I came into the news business convinced that the traditional “objective” style of reporting was boring, deceptive, and deserving of mockery. I used to laugh at the parade of “above the fray” columnists and stone-dull house editorials that took no position on anything and always ended, “Only one thing’s for sure: time will tell.” As a teenager I was struck by a passage in Tim Crouse’s book about the 1972 presidential campaign, The Boys in the Bus, describing the work of Hunter Thompson:
Thompson had the freedom to describe the campaign as he actually experienced it: the crummy hotels, the tedium of the press bus, the calculated lies of the press secretaries, the agony of writing about the campaign when it seemed dull and meaningless, the hopeless fatigue. When other reporters went home, their wives asked them, “What was it really like?” Thompson’s wife knew from reading his pieces.

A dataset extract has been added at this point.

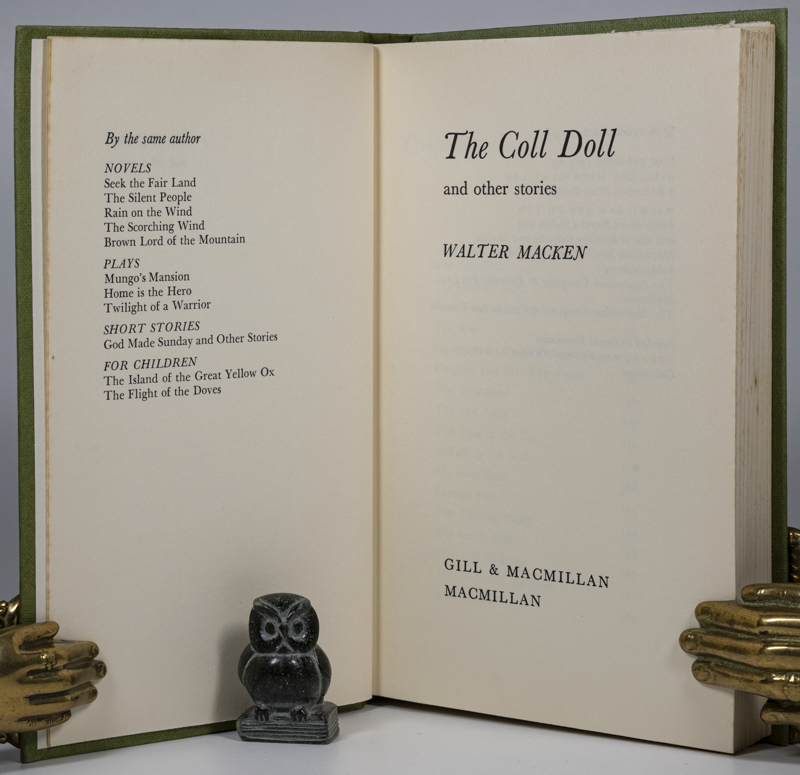 Macken, Walter. The Coll Doll and other stories. First Edition. Dublin / London, Gill & Macmillan / Macmillan, 1969. Octavo. 250 pages. Original green cloth with silver title on spine. Very good condition. Minor shelf wear. Edges dust dulled and mildly foxed. Internally clean.

What Rolling Stone did in giving a political reporter the freedom to write about the banalities of the system was revolutionary at the time. They also allowed their writer to be a sides-taker and a rooter, which seemed natural and appropriate because biases end up in media anyway. They were just hidden in the traditional dull “objective” format.
The problem is that the pendulum has swung so far in the opposite direction of politicized hot-taking that reporters now lack freedom in the opposite direction, i.e. the freedom to mitigate.
I certainly share some analysis here, but I’m also trying to create a fact-based media outlet that both the left and right can agree on. We may not always see eye to eye on the issues, but we should be able to come to a place of common ground on the facts…which is why I work so hard at this thing.
Because very few outlets are even trying to do that.
[five]
And finally, even the Europeans think American tech is becoming too Authoritarian.
German Chancellor Angela Merkel blasted Twitter’s decision to ban U.S. President Donald Trump.
“The right to freedom of opinion is of fundamental importance,” Steffen Seibert, Merkel’s chief spokesman, told reporters in Berlin on Monday, according to Reuters.
“Given that, the chancellor considers it problematic that the president’s accounts have been permanently suspended.”
Later, France echoed this sentinment, according to Bloomberg:
The German leader’s stance is echoed by the French government. Junior Minister for European Union Affairs Clement Beaune said he was “shocked” to see a private company make such an important decision. “This should be decided by citizens, not by a CEO,” he told Bloomberg TV on Monday. “There needs to be public regulation of big online platforms.” Finance Minister Bruno Le Maire earlier said that the state should be responsible for regulations, rather than “the digital oligarchy,” and called big tech “one of the threats” to democracy.
I wish I had a brighter note to end on…but I will say that the readership of The Five does give me hope for decent, everyday people making a difference.